[DATA]
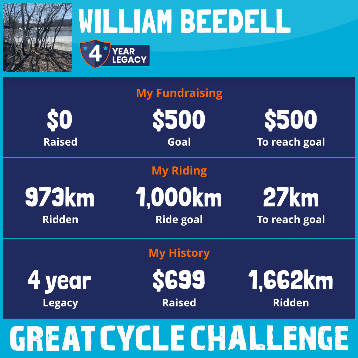 I am riding 1,000 km to fight kids' cancer and save little lives. Please sponsor me to support my challenge!
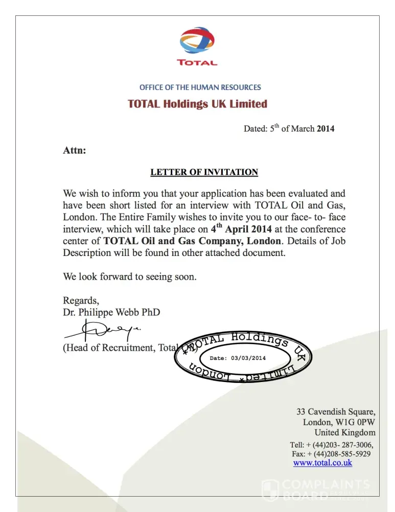 Another scam in the name of Total Oil and Gas Company.
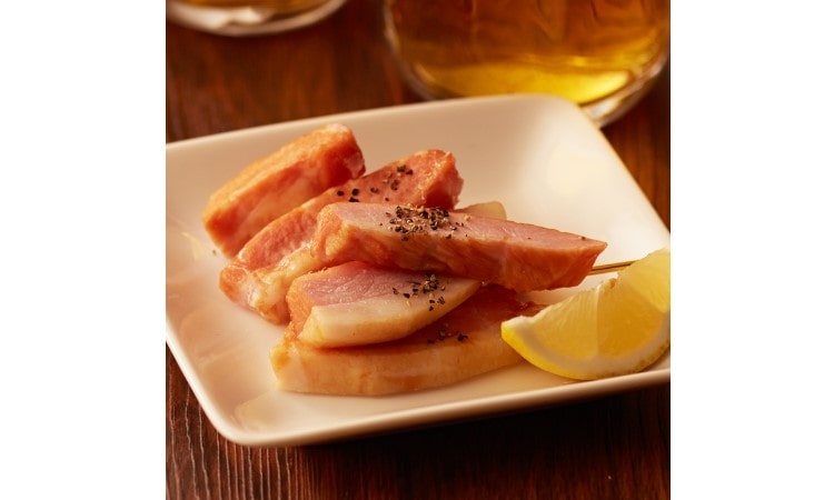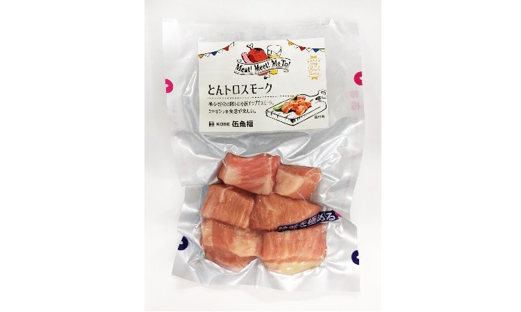 希少部位である豚トロを、ベーコン風味の漬け込み液に漬けて、桜のチップ(宮崎県産)を使用しスモークをかけて仕上げた商品です。
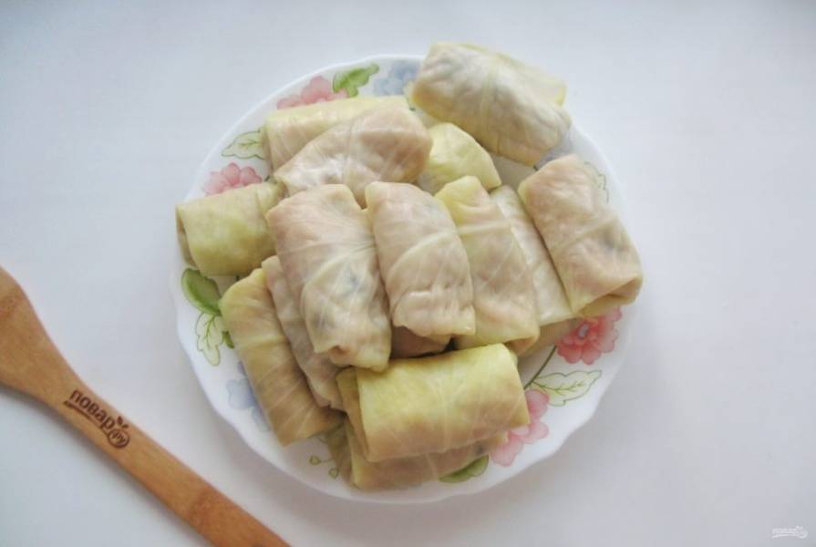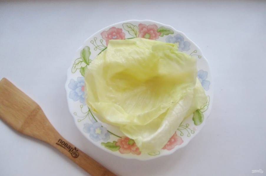 Сделайте надрезы вокруг кочана капусты. После выложите в кипящую воду, немного проварите и снимите листья. Выложите на тарелку и охладите.
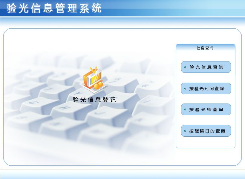 《验光信息管理系统》针对眼光医院或眼镜店开发的一款软件,主要功能为验光处方单的信息管理,包含功能有顾客资料、旧镜史、预备检查项目、眼光检查、外眼检查、眼压检查,以及信息的查询等功能。软件操作简单,易学、易用,界面设计简洁、美观其人性化的管理可以使您轻易上手,该软件将是您明智的选择。 《验光信息管理系统》包含验光处方单登记、验光信息查询、按验光时间查询、按验光师查询、按配镜目的查询。
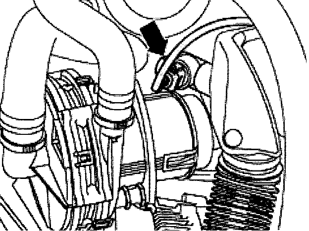 - Remove clamp -arrow- from coolant line and set wiring harness aside.
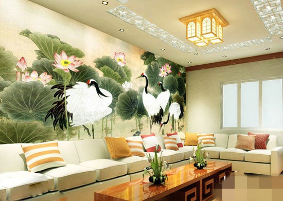 中式风格的茶几、别致的吊灯,而选用了仙鹤,莲花的沙发背景墙,很好地融合了这个客厅的风格,将浓郁的中国味道极好的展现了出来。
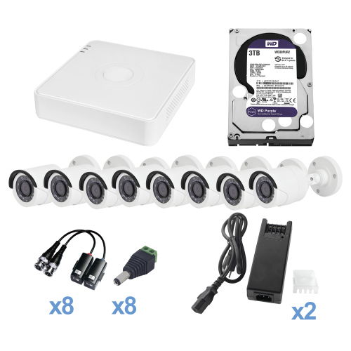 All in One HIKVISON TVI CCTV Kit / Includes 1 PURPLE 2TB HARD DIRVE, 720p 8 Channels DVR (P2P Compatible) / 8 Bullet Cameras
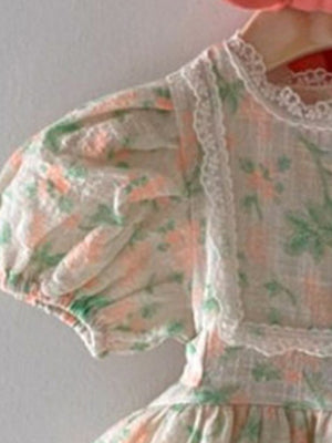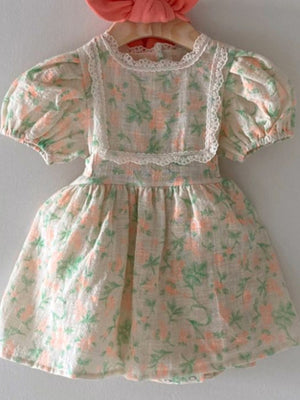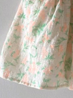 Green Boat Neck Casual A-Line Floral Short Sleeves Knee Length Cotton Dress
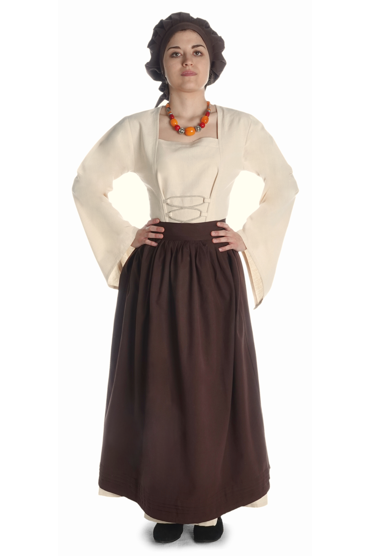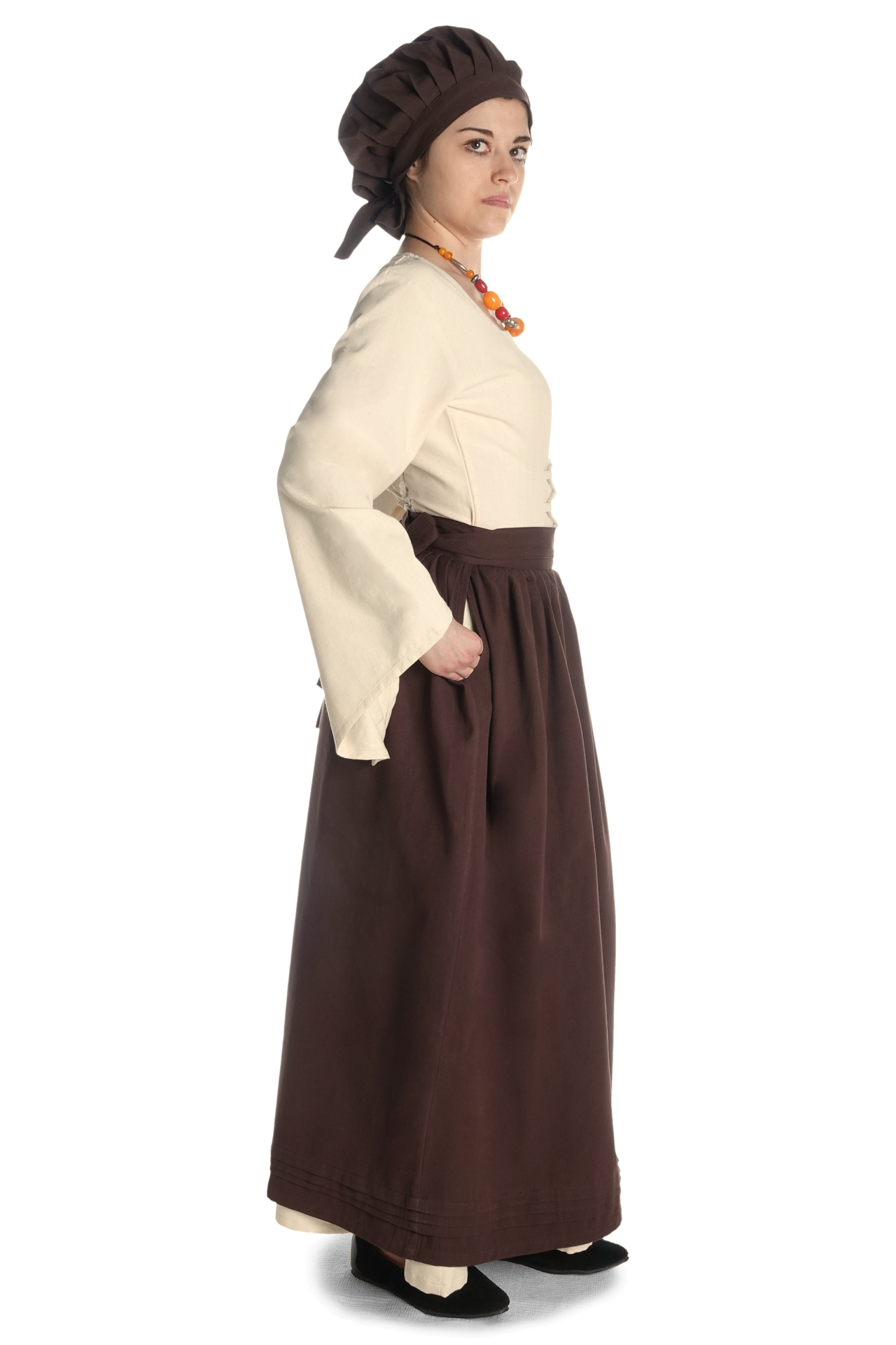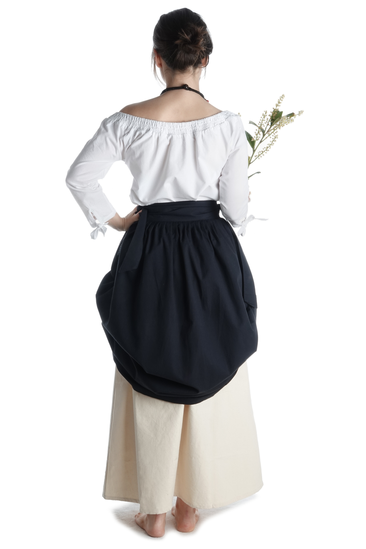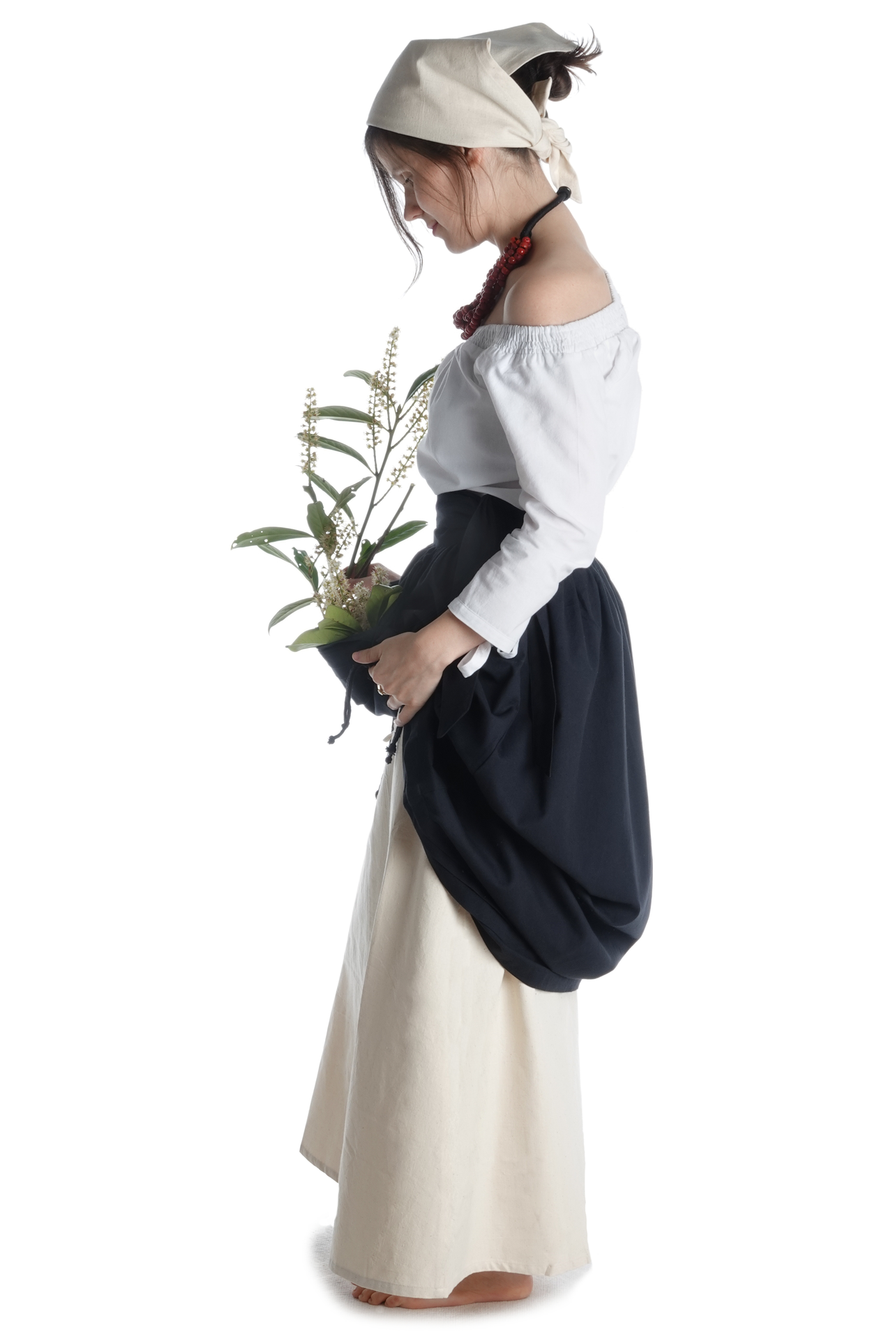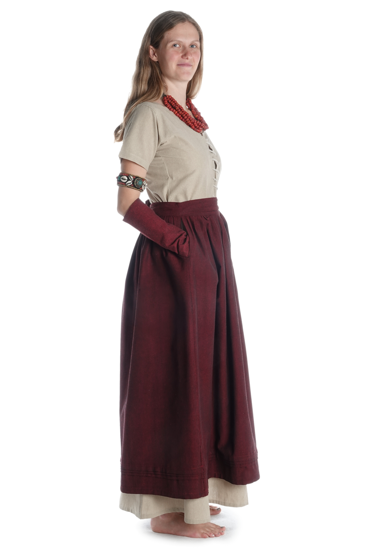 Unser Schürzen-Rock „Widga“ wurde von der traditionellen mittelalterlichen Kleidung inspiriert. Er verfügt über beidseitige langen Bändern an der Taille zum seitlichen Zubinden. Desweiteren befinden sich zwei kleine Schlaufen vorne außen und vorne innen, damit die vier beigelegten Schnüre fixiert werden können, um den Rock auch hochgerafft tragen zu können. So haben Sie genügend Beinfreiheit bei der Arbeit.
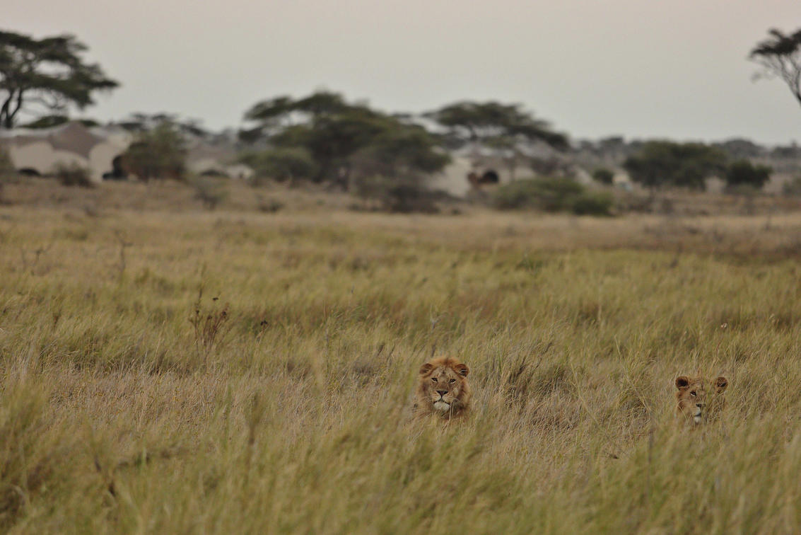 Namiri Plains - Löwen mit Zelten im Hintergrund
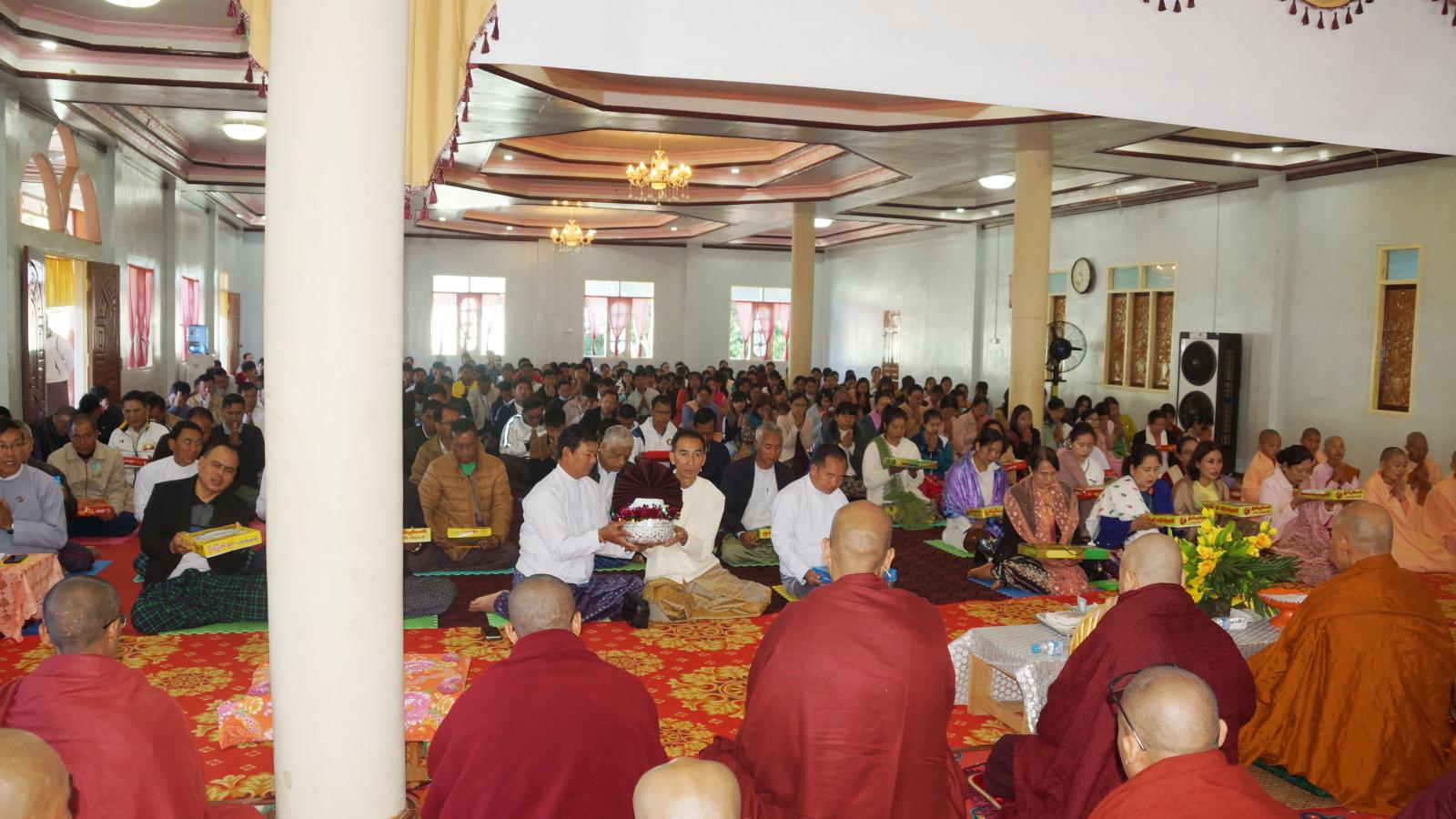 အခမ်းအနားတွင် အခမ်းအနားတက်ရောက်လာသည့် ပင့်သံဃာတော်များနှင့် ဧည့်ပရိသတ်အပေါင်းတို့က နမောတဿ သုံးကြိမ်ရွတ်ဆို ဘုရားကန်တော့၍ အခမ်းအနားကို စတင်ဖွင့်လှစ်ပြီး ဧည့်ပရိသတ်အပေါင်းတို့က ပူတာအိုမြို့နယ် ဆာရ်ခွမ်ဒမ်းကျေးရွာ ရေခဲတောင်ကျောင်းတိုက် ဆရာတော်ထံမှ ရှစ်ပါးသီလ ခံယူဆောက်တည်ကြသည်။ ဆက်လက်၍ ဆရာတော်၊ သံဃာတော်၊ အရှင်သူမြတ်တို့က ပရိတ်တရားတော်များ ချီးမြှင့်တော်မူကြပြီး ခရိုင်စီမံအုပ်ချုပ်ရေးအဖွဲ့ ဉက္ကဌ ဦးခေါင်လန်ဒီးနှင့်အဖွဲ့ဝင်များ၊ ဒုတိယခရိုင်အုပ်ချုပ်ရေးမှူး ဦးသန်းထွေး၊ မြို့နယ်စီမံအုပ်ချုပ်ရေးအဖွဲ့ဉက္ကဌ ဦးကျော်ကျော်လွင်နှင့်အဖွဲ့ဝင်များ၊ ခရိုင်/မြို့နယ် ဌာနဆိုင်ရာများနှင့်အလှူရှင်များက ကထိန်လျာသင်္ကန်း၊ အခြံအရံသင်္ကန်းနှင့် လှူဖွယ်ဝတ္တုများကို ဆရာတော်၊ သံဃာတော်များထံ ဆက်ကပ်လှူဒါန်းခဲ့ကြသည်။
[/DATA]
WHAT TO WORK ON
Only the lines from the start of the records above through the line containing "Green Boat Neck" should be returned, exactly and with both ends, please; the pictures stay out.

RESULT BELOW
 I am riding 1,000 km to fight kids' cancer and save little lives. Please sponsor me to support my challenge!
 Another scam in the name of Total Oil and Gas Company.
 希少部位である豚トロを、ベーコン風味の漬け込み液に漬けて、桜のチップ(宮崎県産)を使用しスモークをかけて仕上げた商品です。
 Сделайте надрезы вокруг кочана капусты. После выложите в кипящую воду, немного проварите и снимите листья. Выложите на тарелку и охладите.
 《验光信息管理系统》针对眼光医院或眼镜店开发的一款软件,主要功能为验光处方单的信息管理,包含功能有顾客资料、旧镜史、预备检查项目、眼光检查、外眼检查、眼压检查,以及信息的查询等功能。软件操作简单,易学、易用,界面设计简洁、美观其人性化的管理可以使您轻易上手,该软件将是您明智的选择。 《验光信息管理系统》包含验光处方单登记、验光信息查询、按验光时间查询、按验光师查询、按配镜目的查询。
 - Remove clamp -arrow- from coolant line and set wiring harness aside.
 中式风格的茶几、别致的吊灯,而选用了仙鹤,莲花的沙发背景墙,很好地融合了这个客厅的风格,将浓郁的中国味道极好的展现了出来。
 All in One HIKVISON TVI CCTV Kit / Includes 1 PURPLE 2TB HARD DIRVE, 720p 8 Channels DVR (P2P Compatible) / 8 Bullet Cameras
 Green Boat Neck Casual A-Line Floral Short Sleeves Knee Length Cotton Dress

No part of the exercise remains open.